■ INSTRUCTIONS FOR THE TASK
Find "Szklany słoik BABYLON" below and begin at its line; stop after the line with "黑漆描金山水圖海棠式盤,日本1603-1868年,故宮博物院藏". Output those lines exactly, without pictures.
- - -
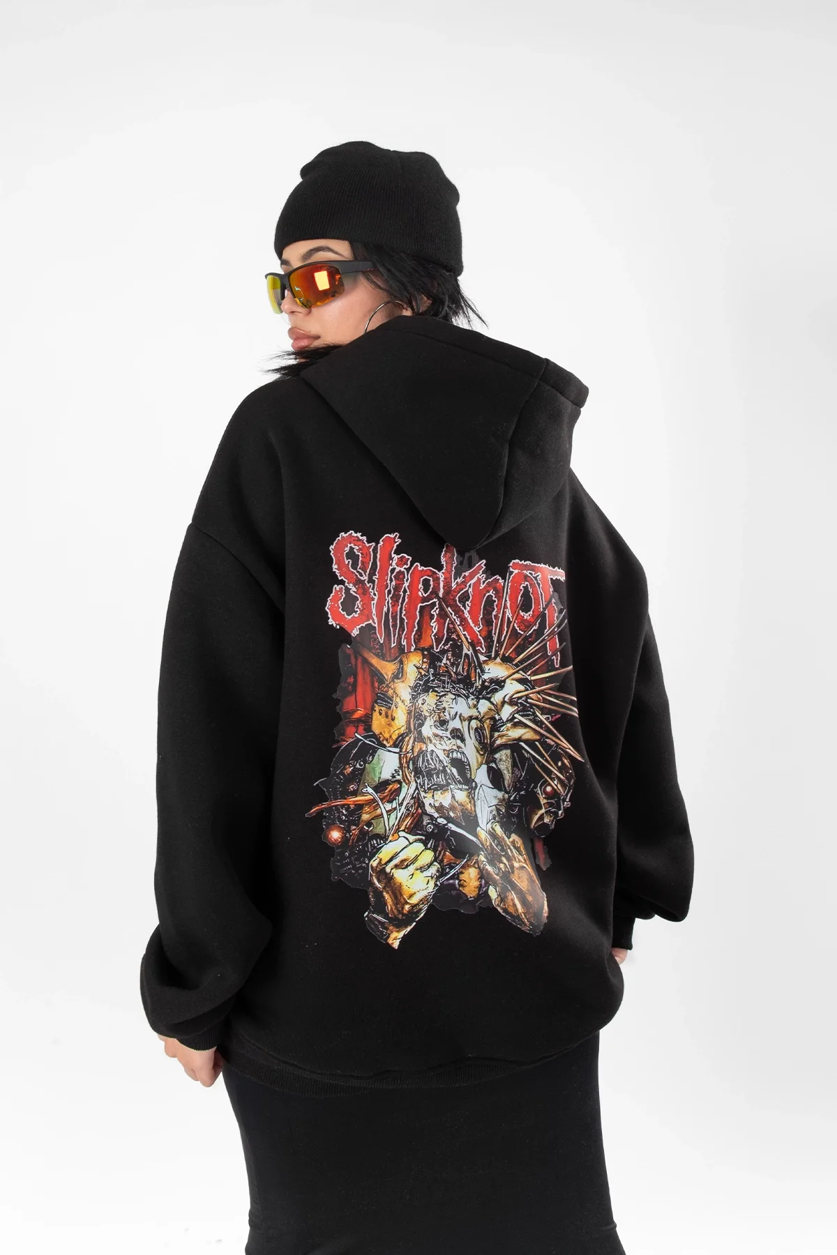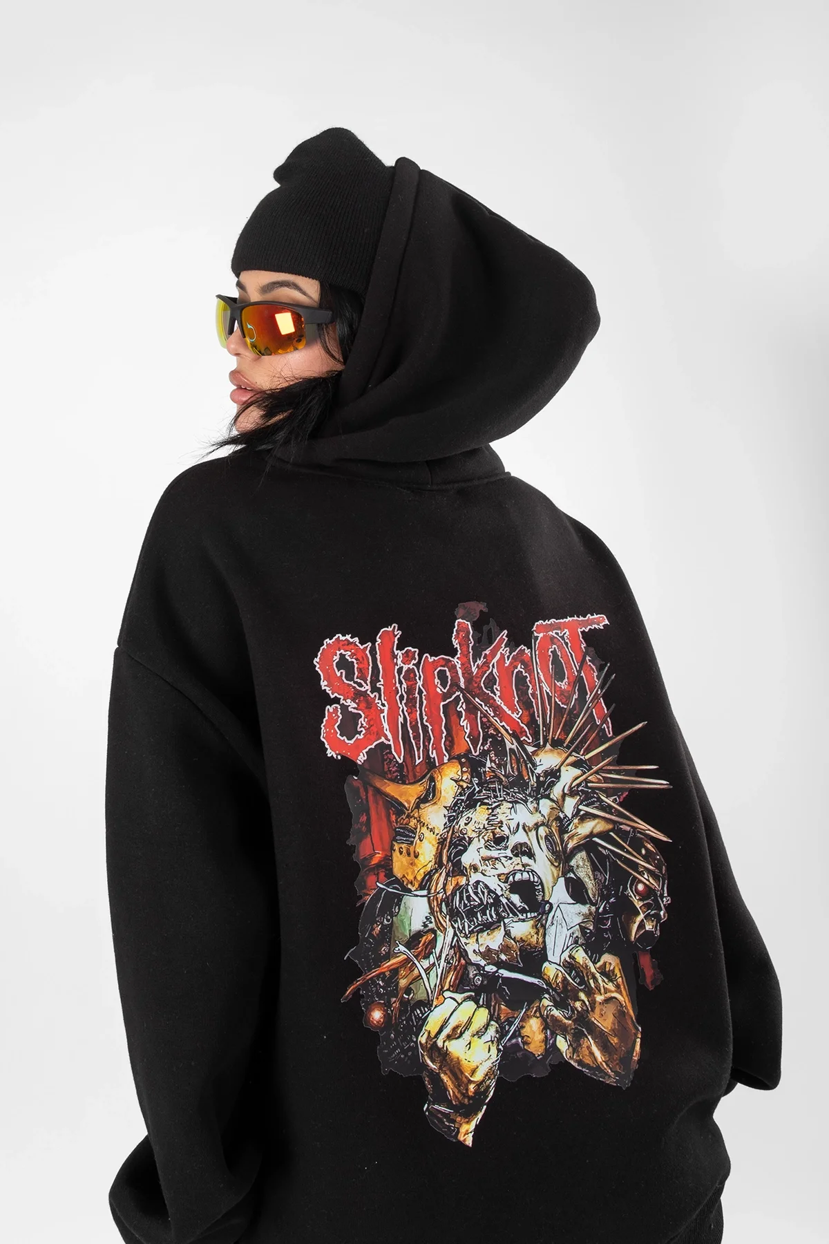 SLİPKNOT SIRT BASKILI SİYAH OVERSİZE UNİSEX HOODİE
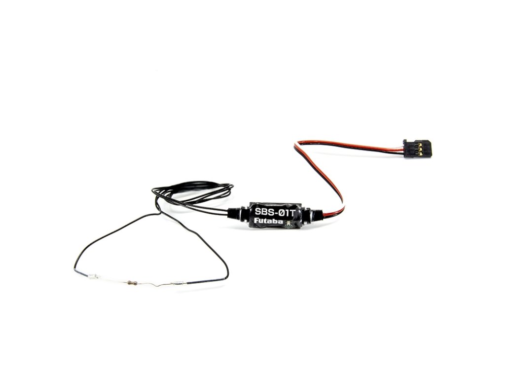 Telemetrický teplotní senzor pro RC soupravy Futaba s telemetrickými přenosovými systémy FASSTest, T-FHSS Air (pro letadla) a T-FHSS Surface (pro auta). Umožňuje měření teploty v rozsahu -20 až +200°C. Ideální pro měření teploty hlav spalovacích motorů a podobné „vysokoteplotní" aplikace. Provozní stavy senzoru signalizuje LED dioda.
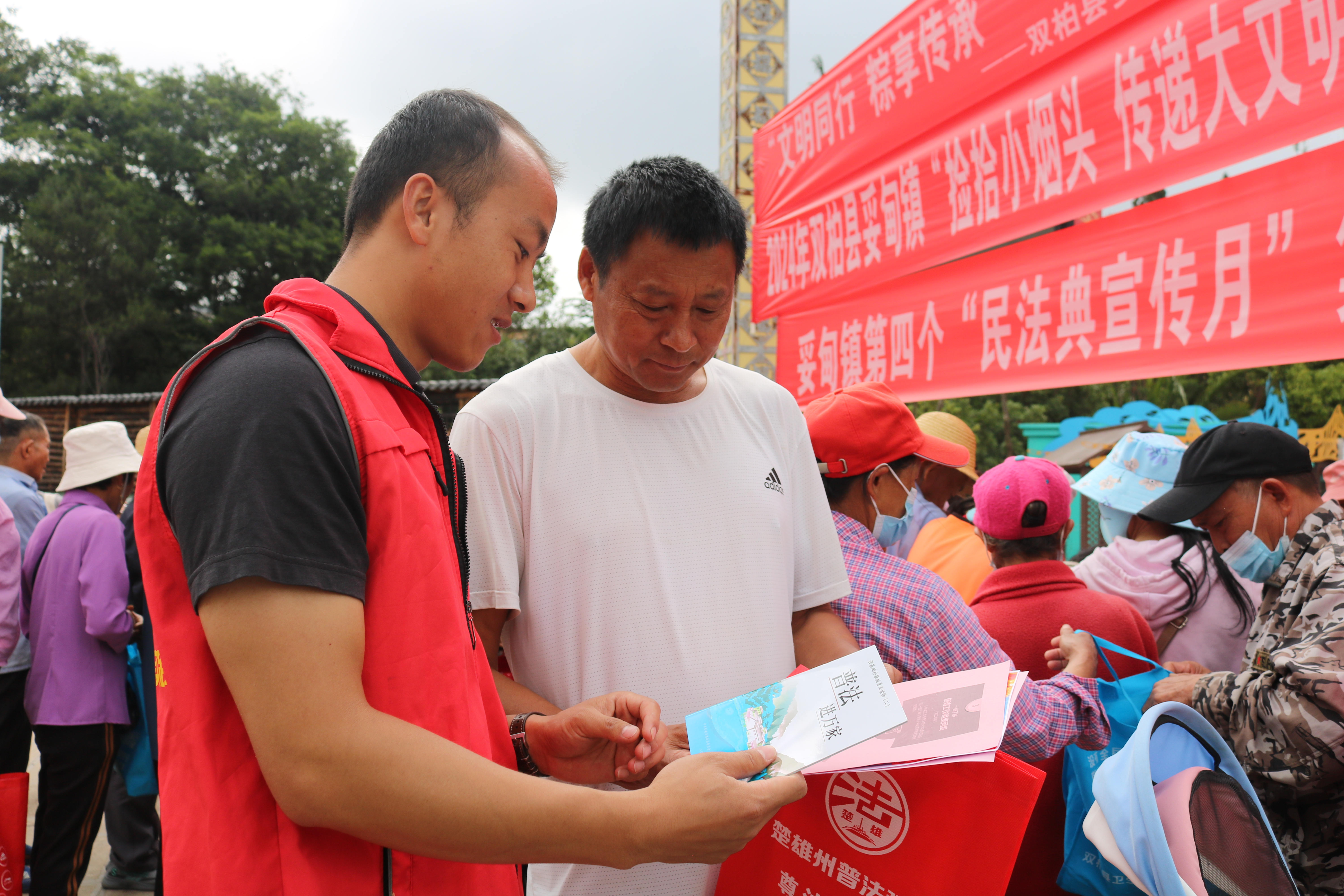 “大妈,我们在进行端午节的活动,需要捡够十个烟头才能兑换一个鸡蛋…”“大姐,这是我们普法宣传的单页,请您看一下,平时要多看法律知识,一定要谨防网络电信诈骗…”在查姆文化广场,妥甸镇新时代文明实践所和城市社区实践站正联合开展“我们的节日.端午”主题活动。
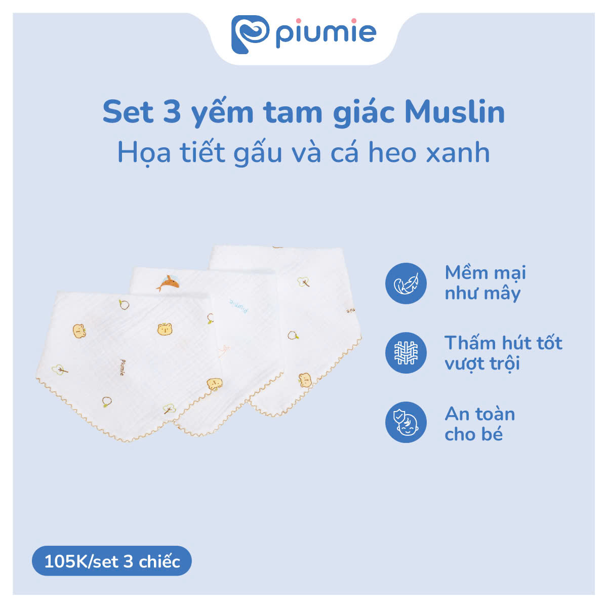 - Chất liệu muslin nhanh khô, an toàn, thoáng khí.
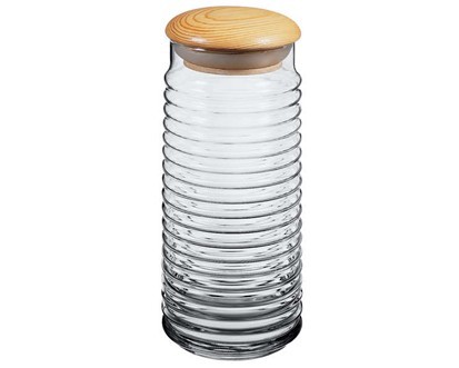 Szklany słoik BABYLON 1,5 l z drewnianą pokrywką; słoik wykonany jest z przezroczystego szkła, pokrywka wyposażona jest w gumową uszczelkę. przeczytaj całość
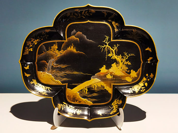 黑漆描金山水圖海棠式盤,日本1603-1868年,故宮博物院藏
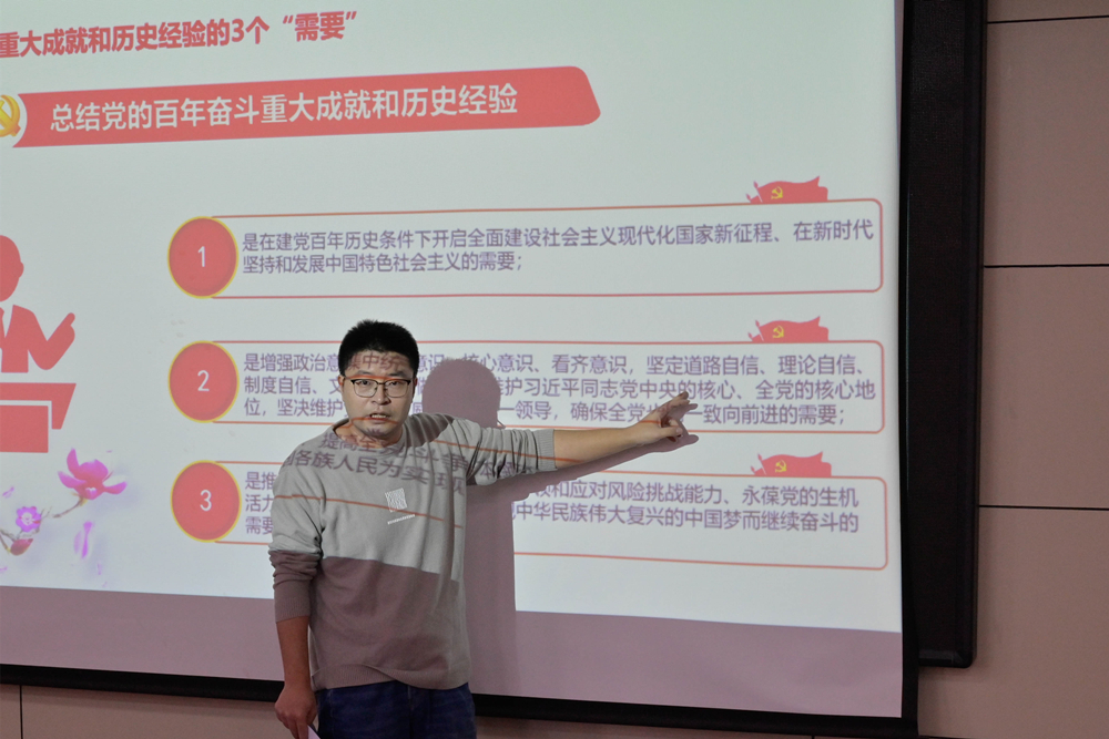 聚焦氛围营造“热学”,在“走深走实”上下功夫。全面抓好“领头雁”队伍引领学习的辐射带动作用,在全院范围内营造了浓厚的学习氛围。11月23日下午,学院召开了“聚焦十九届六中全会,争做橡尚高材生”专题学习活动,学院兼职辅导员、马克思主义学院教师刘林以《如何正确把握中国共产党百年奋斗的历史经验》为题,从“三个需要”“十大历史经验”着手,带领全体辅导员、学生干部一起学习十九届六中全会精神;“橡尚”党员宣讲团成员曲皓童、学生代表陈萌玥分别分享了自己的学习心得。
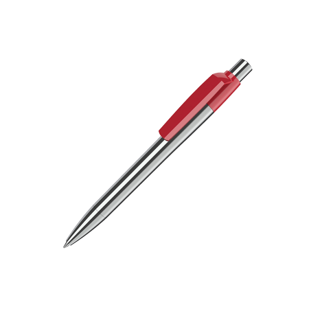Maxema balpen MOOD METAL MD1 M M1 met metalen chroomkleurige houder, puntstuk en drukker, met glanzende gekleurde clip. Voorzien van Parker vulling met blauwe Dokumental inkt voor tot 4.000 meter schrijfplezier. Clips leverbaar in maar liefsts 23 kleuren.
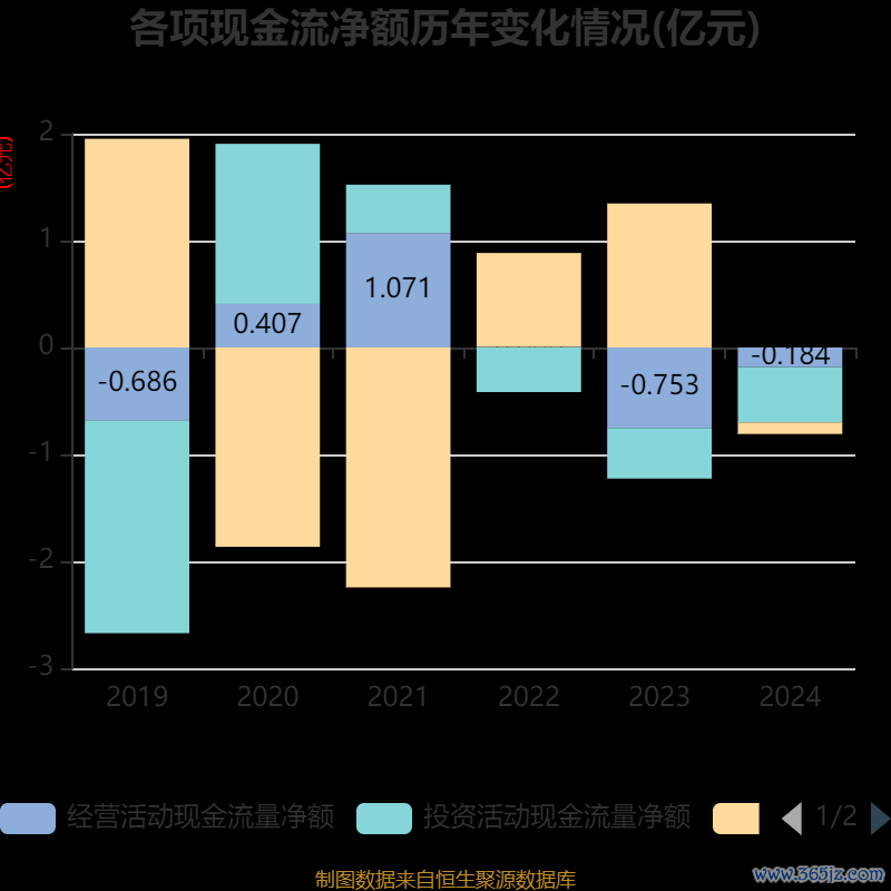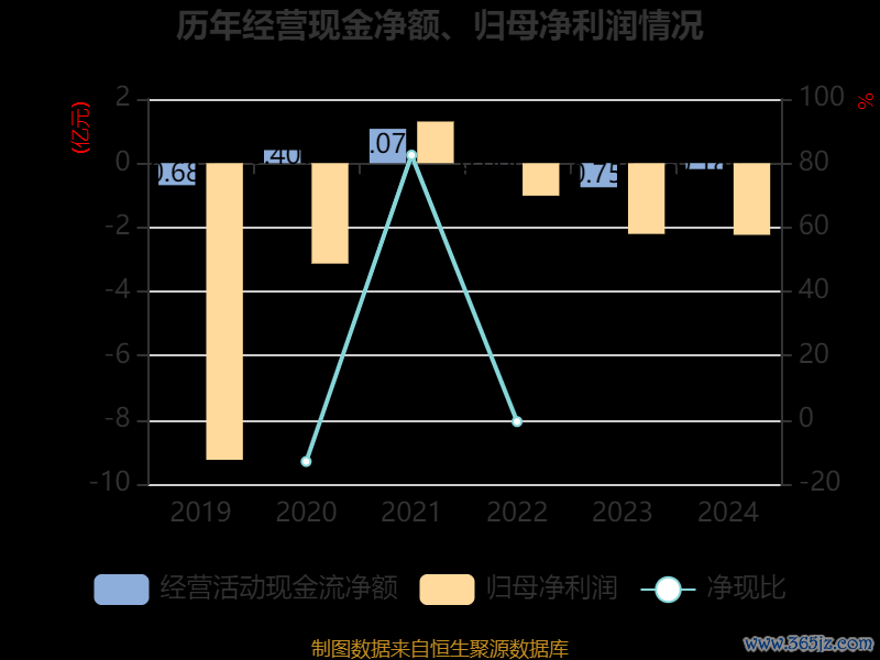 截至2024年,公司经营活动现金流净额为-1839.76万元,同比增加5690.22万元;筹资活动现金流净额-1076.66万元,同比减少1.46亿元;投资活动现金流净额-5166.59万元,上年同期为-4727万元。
- - -
■ RESPONSE AREA
 Szklany słoik BABYLON 1,5 l z drewnianą pokrywką; słoik wykonany jest z przezroczystego szkła, pokrywka wyposażona jest w gumową uszczelkę. przeczytaj całość
 黑漆描金山水圖海棠式盤,日本1603-1868年,故宮博物院藏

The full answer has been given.